In my sweet, romantic comedy, A Groom for Mama, Chinese food figures prominently. In fact, a Chinese meal—moo shu pork to be exact—is what the heroine Allison and the hero Jack were eating when they broke up.
I have to admit, before writing this book I’d never eaten mu shoo pork, mostly because of the pancakes—I avoid eating too many carbs. But I liked the way the word rolled off my tongue, so I included it in my story. My favorite Chinese dish is Wor Sue Gai, which is widely believed to be a Cantonese American-inspired Chinese dish that originated in Columbus, Ohio. I used to stop at a Chinese restaurant when I worked in downtown and go for lunch and order Wor Sue Gai. Wor Sue Gai, literally means “wok seared chicken.” It’s basically cooked chicken which is deboned, breaded and then fried, with a gravy sauce drizzled over the lettuce, almonds, and anything else on the plate. Yum gravy and chicken. For a girl raised on county food, what’s not to like? It’s been a long time since I’ve had that particular dish, mostly because no one in my area serves it any more.

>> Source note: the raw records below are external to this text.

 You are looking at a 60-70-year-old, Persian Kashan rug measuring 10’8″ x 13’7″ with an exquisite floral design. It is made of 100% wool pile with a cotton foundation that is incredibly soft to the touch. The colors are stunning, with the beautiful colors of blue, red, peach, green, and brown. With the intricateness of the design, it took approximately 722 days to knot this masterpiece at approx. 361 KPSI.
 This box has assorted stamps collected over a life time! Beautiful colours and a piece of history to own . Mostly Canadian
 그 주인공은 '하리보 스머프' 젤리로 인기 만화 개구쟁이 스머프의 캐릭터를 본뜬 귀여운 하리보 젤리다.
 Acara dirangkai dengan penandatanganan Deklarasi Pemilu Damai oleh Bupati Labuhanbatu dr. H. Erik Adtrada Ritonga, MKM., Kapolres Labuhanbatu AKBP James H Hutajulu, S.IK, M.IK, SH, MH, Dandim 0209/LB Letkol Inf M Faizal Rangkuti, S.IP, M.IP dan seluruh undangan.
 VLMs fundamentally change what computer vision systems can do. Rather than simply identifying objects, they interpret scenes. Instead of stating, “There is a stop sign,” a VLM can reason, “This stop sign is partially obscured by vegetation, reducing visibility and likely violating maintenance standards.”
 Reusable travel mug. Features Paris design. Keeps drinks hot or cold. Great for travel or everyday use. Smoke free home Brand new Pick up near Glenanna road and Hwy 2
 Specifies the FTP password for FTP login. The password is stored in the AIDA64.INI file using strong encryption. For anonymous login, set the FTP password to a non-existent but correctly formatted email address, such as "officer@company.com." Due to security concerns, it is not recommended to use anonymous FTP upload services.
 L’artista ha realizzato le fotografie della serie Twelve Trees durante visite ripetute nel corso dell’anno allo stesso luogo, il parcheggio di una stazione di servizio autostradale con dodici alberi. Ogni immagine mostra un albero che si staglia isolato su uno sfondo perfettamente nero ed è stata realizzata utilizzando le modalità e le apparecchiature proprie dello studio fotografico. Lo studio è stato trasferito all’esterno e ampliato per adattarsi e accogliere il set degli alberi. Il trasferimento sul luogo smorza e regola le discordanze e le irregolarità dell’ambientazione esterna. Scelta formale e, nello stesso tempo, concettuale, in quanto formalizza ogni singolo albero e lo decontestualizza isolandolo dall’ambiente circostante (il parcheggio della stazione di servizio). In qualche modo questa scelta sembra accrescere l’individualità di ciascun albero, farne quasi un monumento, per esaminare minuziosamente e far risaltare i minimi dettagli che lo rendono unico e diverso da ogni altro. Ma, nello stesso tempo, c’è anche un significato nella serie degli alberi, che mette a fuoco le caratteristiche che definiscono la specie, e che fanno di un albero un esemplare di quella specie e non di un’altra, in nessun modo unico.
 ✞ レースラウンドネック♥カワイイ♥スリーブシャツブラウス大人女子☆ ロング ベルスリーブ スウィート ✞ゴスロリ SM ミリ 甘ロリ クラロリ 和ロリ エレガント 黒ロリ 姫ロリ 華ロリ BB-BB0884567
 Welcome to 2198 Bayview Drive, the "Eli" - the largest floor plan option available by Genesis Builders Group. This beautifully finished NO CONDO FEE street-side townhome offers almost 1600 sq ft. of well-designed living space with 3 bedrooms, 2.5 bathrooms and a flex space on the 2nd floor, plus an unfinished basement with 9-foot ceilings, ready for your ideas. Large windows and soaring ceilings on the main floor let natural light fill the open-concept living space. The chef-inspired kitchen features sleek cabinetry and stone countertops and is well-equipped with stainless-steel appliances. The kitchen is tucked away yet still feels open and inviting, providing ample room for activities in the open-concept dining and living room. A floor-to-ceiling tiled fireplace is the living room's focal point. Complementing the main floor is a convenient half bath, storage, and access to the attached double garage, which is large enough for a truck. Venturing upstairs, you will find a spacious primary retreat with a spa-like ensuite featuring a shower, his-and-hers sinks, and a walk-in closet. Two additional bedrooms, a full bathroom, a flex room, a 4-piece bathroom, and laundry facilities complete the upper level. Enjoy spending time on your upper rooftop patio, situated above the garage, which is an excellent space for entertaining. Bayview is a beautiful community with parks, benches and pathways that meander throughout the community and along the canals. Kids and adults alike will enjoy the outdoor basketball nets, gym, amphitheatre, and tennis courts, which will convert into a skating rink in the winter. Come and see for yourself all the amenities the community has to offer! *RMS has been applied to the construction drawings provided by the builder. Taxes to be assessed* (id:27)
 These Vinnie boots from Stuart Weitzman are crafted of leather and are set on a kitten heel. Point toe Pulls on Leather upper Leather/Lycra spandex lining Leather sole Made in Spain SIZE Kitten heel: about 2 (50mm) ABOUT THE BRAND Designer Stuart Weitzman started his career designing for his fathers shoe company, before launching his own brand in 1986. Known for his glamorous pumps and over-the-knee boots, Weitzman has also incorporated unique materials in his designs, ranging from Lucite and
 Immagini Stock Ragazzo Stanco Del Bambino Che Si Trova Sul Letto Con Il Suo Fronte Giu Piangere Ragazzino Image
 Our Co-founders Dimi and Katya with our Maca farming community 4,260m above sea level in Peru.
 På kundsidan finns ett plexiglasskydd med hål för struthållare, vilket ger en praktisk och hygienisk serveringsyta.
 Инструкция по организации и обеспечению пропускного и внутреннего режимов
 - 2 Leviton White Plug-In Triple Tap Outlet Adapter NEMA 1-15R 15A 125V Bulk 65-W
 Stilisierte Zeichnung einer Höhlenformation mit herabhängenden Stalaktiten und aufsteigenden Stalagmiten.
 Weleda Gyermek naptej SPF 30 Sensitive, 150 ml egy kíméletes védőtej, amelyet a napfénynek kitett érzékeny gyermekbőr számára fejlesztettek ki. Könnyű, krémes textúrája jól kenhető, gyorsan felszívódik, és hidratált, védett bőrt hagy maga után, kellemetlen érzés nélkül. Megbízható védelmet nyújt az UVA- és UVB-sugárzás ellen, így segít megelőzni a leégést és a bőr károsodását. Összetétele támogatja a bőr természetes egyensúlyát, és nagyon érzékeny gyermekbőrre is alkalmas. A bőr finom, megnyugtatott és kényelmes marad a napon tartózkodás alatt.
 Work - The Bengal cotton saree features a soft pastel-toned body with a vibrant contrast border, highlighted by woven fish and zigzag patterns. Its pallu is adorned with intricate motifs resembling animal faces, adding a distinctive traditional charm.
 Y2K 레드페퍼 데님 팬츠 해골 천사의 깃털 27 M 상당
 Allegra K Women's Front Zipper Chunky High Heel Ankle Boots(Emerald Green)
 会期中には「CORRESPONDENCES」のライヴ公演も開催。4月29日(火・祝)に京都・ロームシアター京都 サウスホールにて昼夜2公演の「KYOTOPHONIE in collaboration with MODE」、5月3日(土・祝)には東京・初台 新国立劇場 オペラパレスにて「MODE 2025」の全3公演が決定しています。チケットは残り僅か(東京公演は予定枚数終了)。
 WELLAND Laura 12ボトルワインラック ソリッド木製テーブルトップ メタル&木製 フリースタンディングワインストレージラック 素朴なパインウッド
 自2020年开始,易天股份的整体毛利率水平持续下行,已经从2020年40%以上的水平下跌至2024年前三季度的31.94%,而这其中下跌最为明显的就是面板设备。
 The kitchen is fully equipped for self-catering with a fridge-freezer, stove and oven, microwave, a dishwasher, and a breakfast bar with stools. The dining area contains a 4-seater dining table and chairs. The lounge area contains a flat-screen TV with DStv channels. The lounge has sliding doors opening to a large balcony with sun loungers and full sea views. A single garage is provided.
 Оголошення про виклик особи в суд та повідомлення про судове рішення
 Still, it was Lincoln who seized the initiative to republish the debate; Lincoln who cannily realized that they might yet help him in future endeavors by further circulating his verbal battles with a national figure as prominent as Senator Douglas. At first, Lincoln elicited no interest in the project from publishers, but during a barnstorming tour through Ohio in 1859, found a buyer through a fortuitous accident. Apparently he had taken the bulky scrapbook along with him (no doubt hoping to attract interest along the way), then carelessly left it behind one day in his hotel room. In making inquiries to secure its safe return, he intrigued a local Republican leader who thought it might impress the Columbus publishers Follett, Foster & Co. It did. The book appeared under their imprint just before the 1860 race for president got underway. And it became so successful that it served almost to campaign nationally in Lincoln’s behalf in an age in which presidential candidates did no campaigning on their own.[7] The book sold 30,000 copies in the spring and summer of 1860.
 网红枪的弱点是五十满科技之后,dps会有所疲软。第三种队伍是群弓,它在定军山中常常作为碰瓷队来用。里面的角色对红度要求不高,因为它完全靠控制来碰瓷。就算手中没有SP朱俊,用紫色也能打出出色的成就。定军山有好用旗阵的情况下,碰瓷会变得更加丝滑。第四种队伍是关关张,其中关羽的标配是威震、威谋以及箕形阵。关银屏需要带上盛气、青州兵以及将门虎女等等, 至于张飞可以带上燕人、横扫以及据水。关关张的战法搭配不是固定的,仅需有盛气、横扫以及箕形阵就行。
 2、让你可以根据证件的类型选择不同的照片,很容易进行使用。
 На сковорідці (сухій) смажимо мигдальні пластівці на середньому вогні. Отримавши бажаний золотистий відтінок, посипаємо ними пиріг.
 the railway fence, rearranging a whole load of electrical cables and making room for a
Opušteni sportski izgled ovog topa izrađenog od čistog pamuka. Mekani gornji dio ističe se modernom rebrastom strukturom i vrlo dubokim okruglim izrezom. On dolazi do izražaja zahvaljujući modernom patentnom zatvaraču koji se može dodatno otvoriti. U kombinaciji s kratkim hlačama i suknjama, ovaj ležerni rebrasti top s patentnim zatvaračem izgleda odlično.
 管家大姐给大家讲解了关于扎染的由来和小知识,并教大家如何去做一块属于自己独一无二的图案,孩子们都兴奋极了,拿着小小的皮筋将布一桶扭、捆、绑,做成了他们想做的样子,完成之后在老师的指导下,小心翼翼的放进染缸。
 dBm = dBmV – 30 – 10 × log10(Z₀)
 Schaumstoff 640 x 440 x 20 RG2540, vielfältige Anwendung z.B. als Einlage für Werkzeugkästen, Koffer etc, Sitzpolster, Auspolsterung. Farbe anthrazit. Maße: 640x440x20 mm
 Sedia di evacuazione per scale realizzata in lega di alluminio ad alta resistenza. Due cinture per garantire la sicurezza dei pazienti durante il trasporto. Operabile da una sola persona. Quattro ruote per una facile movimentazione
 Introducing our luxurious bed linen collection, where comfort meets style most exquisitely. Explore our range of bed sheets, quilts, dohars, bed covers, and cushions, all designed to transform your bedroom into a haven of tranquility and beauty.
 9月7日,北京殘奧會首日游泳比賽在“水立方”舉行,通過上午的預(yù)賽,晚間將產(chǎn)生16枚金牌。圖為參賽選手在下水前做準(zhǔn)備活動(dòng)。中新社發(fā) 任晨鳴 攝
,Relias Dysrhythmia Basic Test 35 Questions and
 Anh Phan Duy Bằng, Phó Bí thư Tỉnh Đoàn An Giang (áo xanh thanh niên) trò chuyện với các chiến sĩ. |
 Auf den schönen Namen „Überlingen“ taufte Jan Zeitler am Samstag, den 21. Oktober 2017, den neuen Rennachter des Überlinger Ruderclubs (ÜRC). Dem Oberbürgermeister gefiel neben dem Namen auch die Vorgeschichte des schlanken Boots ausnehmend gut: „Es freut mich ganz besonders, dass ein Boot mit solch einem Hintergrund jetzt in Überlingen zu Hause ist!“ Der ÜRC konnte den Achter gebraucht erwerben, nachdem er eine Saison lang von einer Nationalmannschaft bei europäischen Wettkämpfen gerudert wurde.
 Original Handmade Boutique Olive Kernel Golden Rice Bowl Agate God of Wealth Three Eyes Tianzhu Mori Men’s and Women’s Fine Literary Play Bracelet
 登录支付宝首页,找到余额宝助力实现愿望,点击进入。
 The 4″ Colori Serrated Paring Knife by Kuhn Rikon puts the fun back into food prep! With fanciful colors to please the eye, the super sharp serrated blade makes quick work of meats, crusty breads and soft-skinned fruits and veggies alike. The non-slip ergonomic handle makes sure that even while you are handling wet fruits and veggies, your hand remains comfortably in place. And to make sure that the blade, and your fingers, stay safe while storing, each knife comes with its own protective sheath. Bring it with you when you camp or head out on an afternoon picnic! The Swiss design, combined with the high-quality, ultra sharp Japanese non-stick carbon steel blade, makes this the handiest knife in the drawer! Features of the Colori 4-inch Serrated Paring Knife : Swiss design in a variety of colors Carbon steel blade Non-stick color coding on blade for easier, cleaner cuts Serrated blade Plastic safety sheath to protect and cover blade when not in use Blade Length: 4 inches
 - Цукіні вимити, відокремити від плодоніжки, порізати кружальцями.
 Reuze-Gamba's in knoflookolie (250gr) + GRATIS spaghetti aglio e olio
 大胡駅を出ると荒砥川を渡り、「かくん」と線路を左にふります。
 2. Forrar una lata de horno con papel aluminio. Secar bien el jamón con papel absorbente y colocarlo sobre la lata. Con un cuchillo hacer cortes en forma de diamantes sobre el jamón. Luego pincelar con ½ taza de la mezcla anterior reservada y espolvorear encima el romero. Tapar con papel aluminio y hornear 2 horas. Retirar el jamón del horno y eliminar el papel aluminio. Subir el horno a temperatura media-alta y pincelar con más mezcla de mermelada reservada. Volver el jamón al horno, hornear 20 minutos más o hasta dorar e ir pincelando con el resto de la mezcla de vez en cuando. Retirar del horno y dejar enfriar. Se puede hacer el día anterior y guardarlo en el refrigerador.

When we were first married we ate a lot of La Choy Chop Suey. Now if I do Chinese, it’s a quick stir fry full of veggies. I do love the stir fry at the local homestyle diner in our little town.
1-2 crushed garlic cloves
salt and pepper to taste
2-4 green onions, chopped
½ box fresh mushrooms, or one can of mushrooms, sliced
1 can sliced water chestnuts, cut into sticks
4 low-carb pancakes or low carb tortillas
Mix marinade ingredients and place marinade and sliced pork in a closable, plastic bag. While you chop remaining ingredients, marinade the pork. Discard marinade and stir fry pork over high heat in about 1 ½ teaspoons of oil until lightly browned. When the pork is cooked, remove from the pan and set aside. Add 1 ½ teaspoons more oil to the pan and scramble 2 eggs to soft set stage. Push eggs to side of pan and add sliced mushrooms, sliced green onions, sliced stems and leaves bok choy, and water chestnuts. Stir fry until mushrooms are cooked and bok choy has wilted and vegetables are heated through. Add pork and stir all ingredients together.